• _Data provided_:

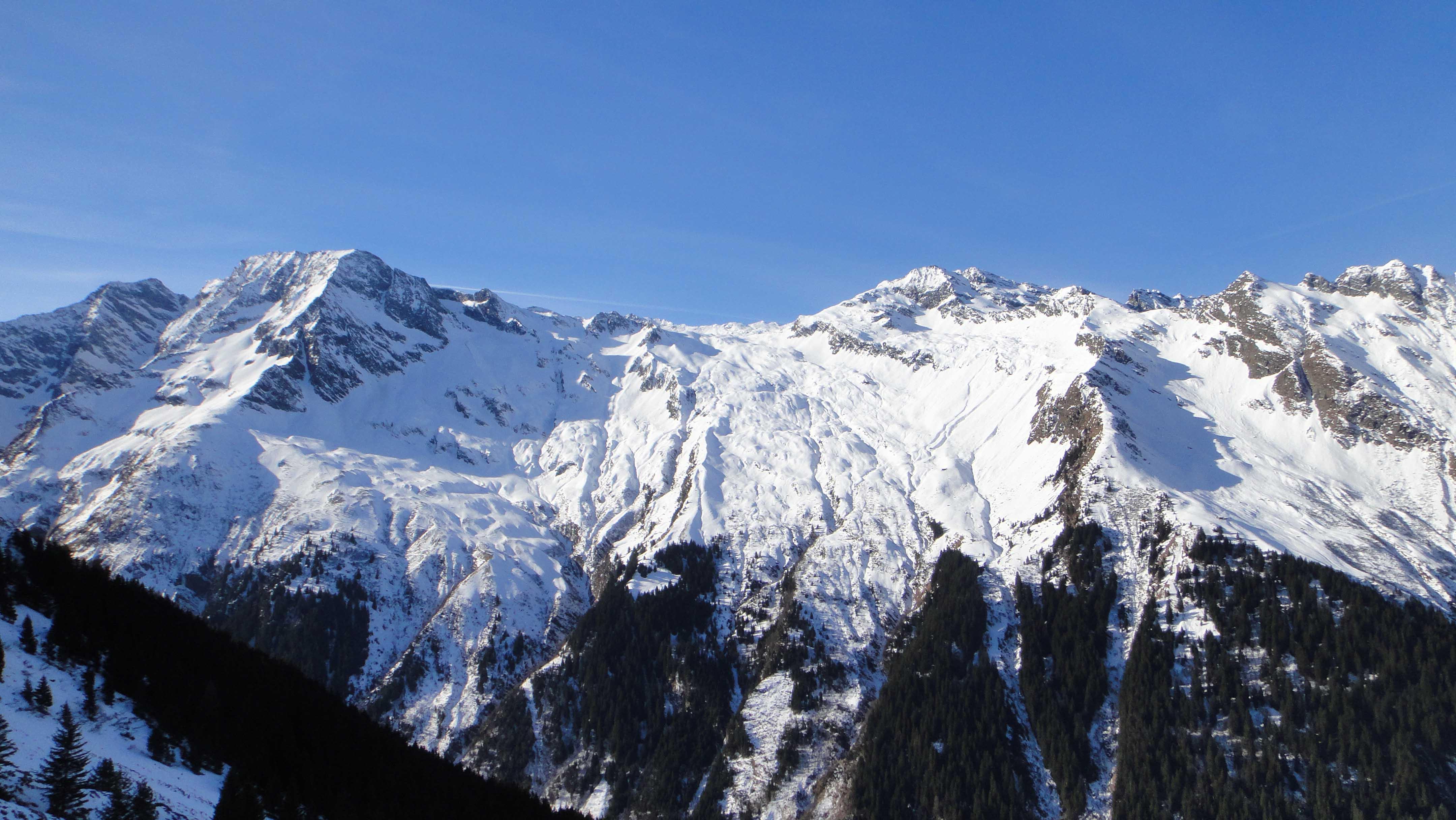 Lohnende und lange Tour für sichere Verhältnisse, 1600hm Skiabfahrt über mittelsteile Hänge und Almwiesen fast ohne Wald. Insgesamt 2100hm.
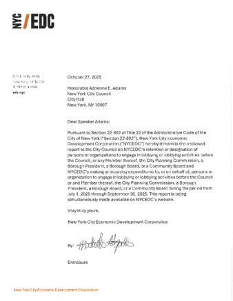 A quarterly report on EDC’s expenditure, as well as, retention or designation of persons or organizations to engage in lobbying or lobbying activities before the council or any member thereof, the city planning commission, a borough president, a borough board or a community board.
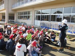 今回は、6年生が修学旅行で出かけていたため、5年生が中心となり、たてわり班ごとに落ち葉を集めました。ボランティアの方にもご協力をいただき、短時間でしたがきれいになりました。

• _Aim of the exercise_:
Repeat only the lines from the one with "A quarterly report" through the end of the data, both included and exactly as written. Pictures stay out of the copy.

• _Answer area_:
 A quarterly report on EDC’s expenditure, as well as, retention or designation of persons or organizations to engage in lobbying or lobbying activities before the council or any member thereof, the city planning commission, a borough president, a borough board or a community board.
 今回は、6年生が修学旅行で出かけていたため、5年生が中心となり、たてわり班ごとに落ち葉を集めました。ボランティアの方にもご協力をいただき、短時間でしたがきれいになりました。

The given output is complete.